For instance, Tenzin’s decision to become Tshiring’s apprentice probably wasn’t an easy one when the snow leopard hasn’t threatened the young woman with its claws, but the creature has nonetheless cut deep when one came and picked off her family’s entire flock of 45 sheep. Coupled with the untimely and seemingly unrelated death of her sister, Tenzin’s father is said to have experienced a form of madness, ending up in prison where he continues to dictate his family’s fate since women aren’t respected as authorities in the area and with no other man around the house, Tenzin is expected to marry well before she wants to. Although the opportunity to become Tshiring’s apprentice is a fortuitous one not only in a financial sense, it also proves to be a formative one when Tshiring is an independent woman herself, unintimidated by men and free to make her own decisions as she carries around a small son of her own in the mountains.

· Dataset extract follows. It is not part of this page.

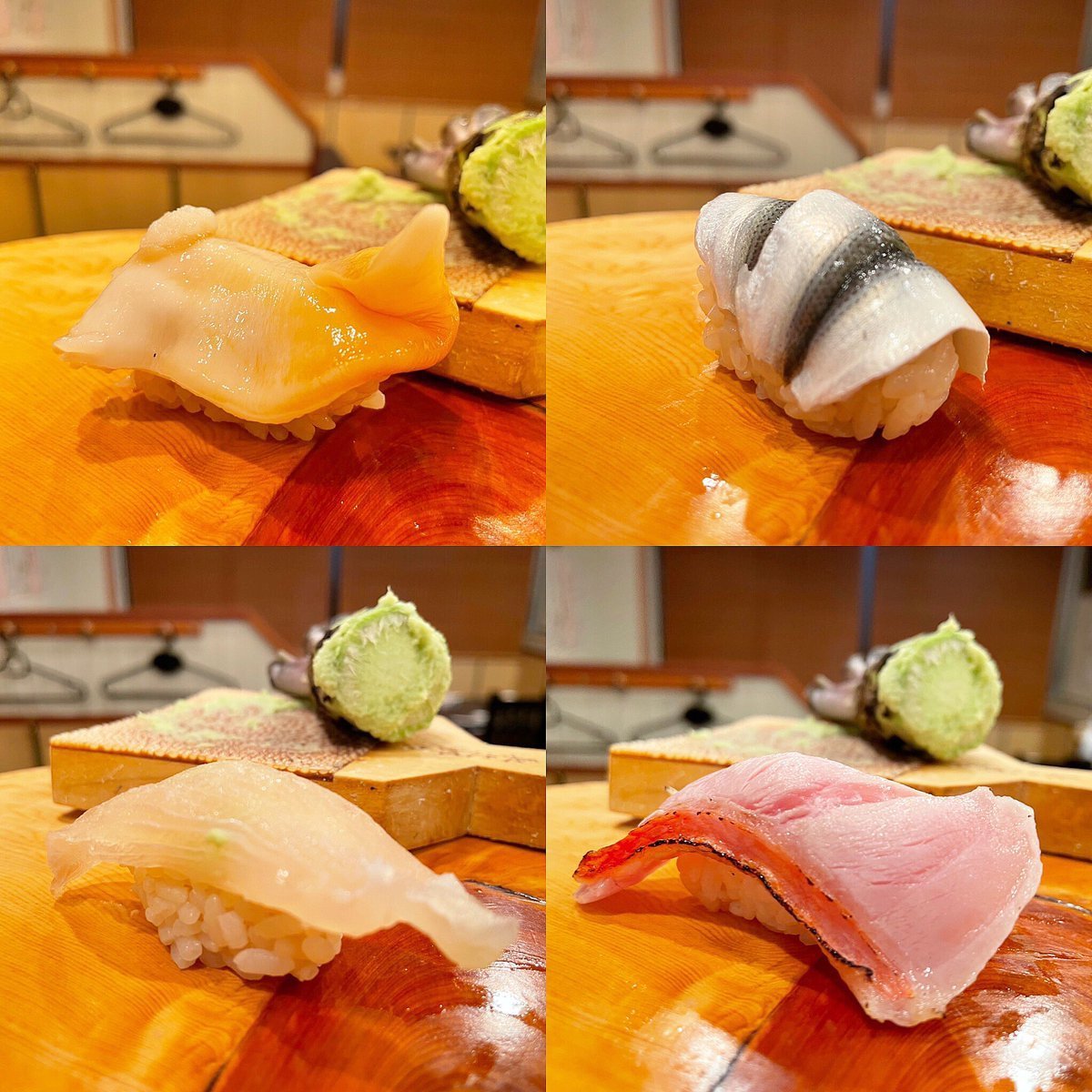 左上より時計回りに) #蝦夷石陰貝 ・ #新子 ・ #金目鯛 ・ #石鰈 昆布〆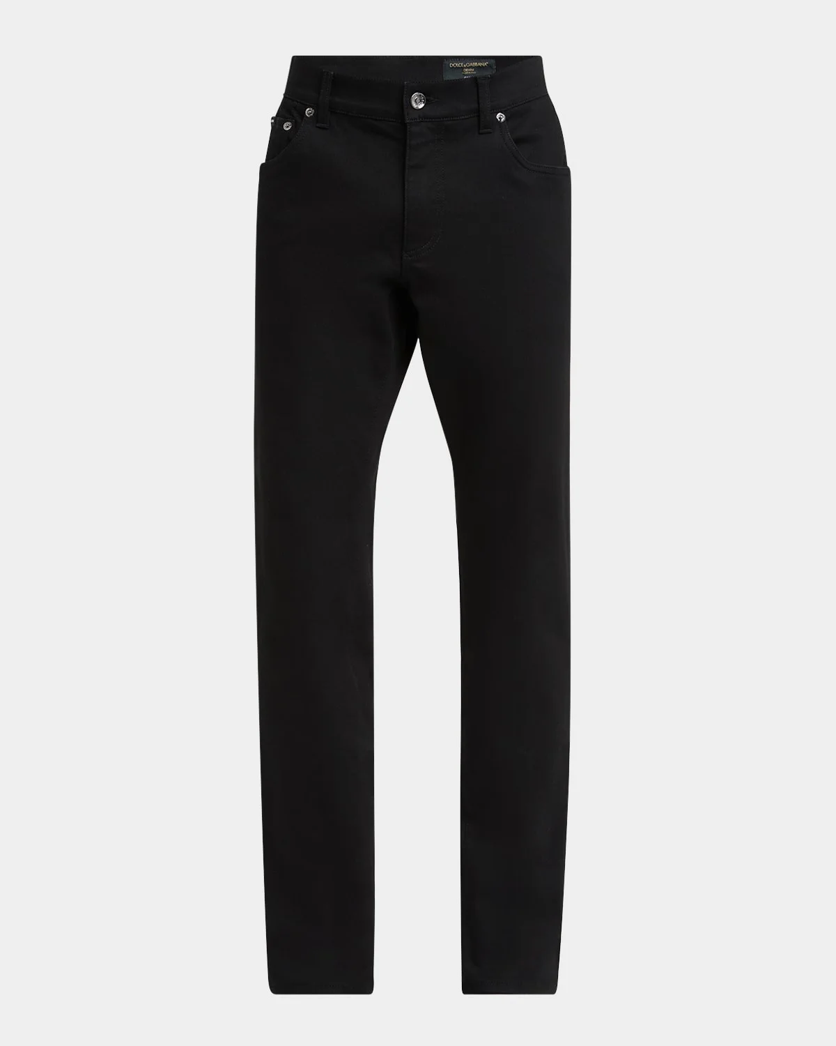 - Dolce&Gabbana pants in black denim defined by a logo plaque on the back pocket - Regular rise - Five-pocket style - Classic fit through slim legs - Full length - Button-zip fly; belt loops - Cotton/spandex - Made in Italy

“Snow Leopard Sisters” covers quite a bit of ground both geographically and otherwise when Tshiring and Tenzin follow a trail along Tsakang, visiting shepherds and monasteries where people hold conflicting views of the animal – a monk goes so far as to say the snow leopard “only has bad in its heart” and makes a reasonable point that Tshiring’s concerns may be misplaced when fixating on the creature’s scarcity rather than the threat it poses. The film invites a broader consideration of the evolving values of Nepalese society when Tshiring herself has relocated to the urban Kathmandu to work for the National Park Service, with her study of snow leopards conducted on the side when such a rural issue doesn’t appear to register much as a pressing issue, and when villages remain self-governed and largely unchanged from generations past, Tenzin contends with actively working against her self-interest at times for reasons she can’t understand except that it’s the way it’s been done for centuries.
The panoramic scenes of Tshiring and Tenzin stomping around the Himalayas are naturally beautiful, but the effect that the two have on one another becomes equally so when they may share the same culture yet show each other a side that they don’t have easy access to. They may be frustrated in their efforts to catch a glimpse of something rare for all the time they spend, but “Snow Leopard Sisters” is far more generous on that front.
“Snow Leopard Sisters” does not yet have U.S. distribution.